§ Work to complete
From the line that contains "随着事情愈演愈烈,cube公" through the line that contains "Material: 100% Metall.", output every line of the listing below exactly and leave out all the rest.

§ Supplied data
□ □ □ □ □
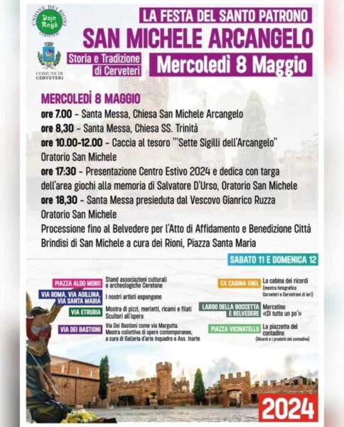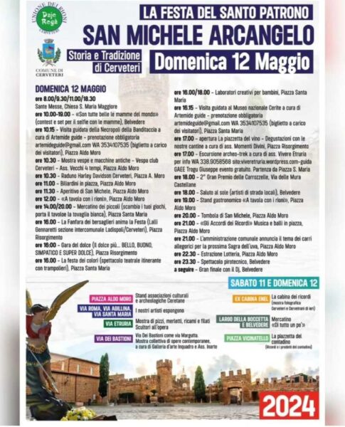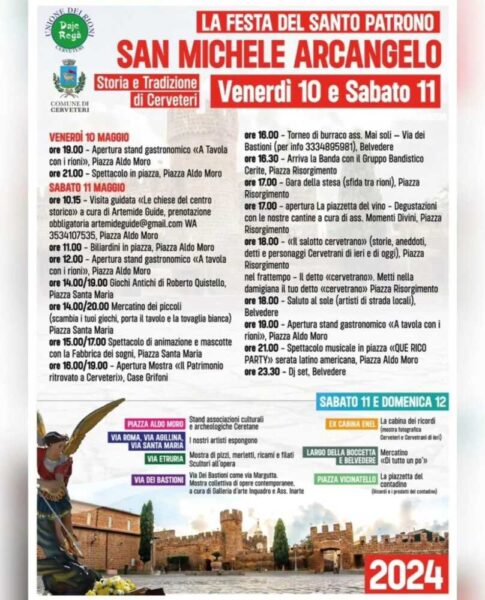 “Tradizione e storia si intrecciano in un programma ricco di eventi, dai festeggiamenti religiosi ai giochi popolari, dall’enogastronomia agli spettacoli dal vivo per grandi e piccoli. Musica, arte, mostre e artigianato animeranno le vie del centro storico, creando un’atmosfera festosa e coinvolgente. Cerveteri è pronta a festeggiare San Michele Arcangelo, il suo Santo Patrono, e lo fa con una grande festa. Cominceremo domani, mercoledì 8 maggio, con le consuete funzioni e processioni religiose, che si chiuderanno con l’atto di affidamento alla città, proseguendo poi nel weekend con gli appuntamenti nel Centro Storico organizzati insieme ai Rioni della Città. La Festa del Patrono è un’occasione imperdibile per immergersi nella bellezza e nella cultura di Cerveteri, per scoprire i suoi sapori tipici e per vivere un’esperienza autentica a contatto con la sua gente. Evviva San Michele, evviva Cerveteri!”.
□ □ □ □ □
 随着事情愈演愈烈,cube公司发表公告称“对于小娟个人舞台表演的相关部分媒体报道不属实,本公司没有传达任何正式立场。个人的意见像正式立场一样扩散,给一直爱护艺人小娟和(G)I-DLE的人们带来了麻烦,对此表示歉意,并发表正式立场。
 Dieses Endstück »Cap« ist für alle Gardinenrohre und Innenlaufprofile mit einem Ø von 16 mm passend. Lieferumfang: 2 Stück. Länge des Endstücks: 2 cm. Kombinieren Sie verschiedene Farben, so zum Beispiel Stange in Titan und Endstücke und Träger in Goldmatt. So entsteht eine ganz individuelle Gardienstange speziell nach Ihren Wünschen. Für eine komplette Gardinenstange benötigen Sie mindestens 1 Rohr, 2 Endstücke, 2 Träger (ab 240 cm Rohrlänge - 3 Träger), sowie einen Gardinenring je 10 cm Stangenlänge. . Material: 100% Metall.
□ □ □ □ □
§ Answer to this problem
 随着事情愈演愈烈,cube公司发表公告称“对于小娟个人舞台表演的相关部分媒体报道不属实,本公司没有传达任何正式立场。个人的意见像正式立场一样扩散,给一直爱护艺人小娟和(G)I-DLE的人们带来了麻烦,对此表示歉意,并发表正式立场。
 Dieses Endstück »Cap« ist für alle Gardinenrohre und Innenlaufprofile mit einem Ø von 16 mm passend. Lieferumfang: 2 Stück. Länge des Endstücks: 2 cm. Kombinieren Sie verschiedene Farben, so zum Beispiel Stange in Titan und Endstücke und Träger in Goldmatt. So entsteht eine ganz individuelle Gardienstange speziell nach Ihren Wünschen. Für eine komplette Gardinenstange benötigen Sie mindestens 1 Rohr, 2 Endstücke, 2 Träger (ab 240 cm Rohrlänge - 3 Träger), sowie einen Gardinenring je 10 cm Stangenlänge. . Material: 100% Metall.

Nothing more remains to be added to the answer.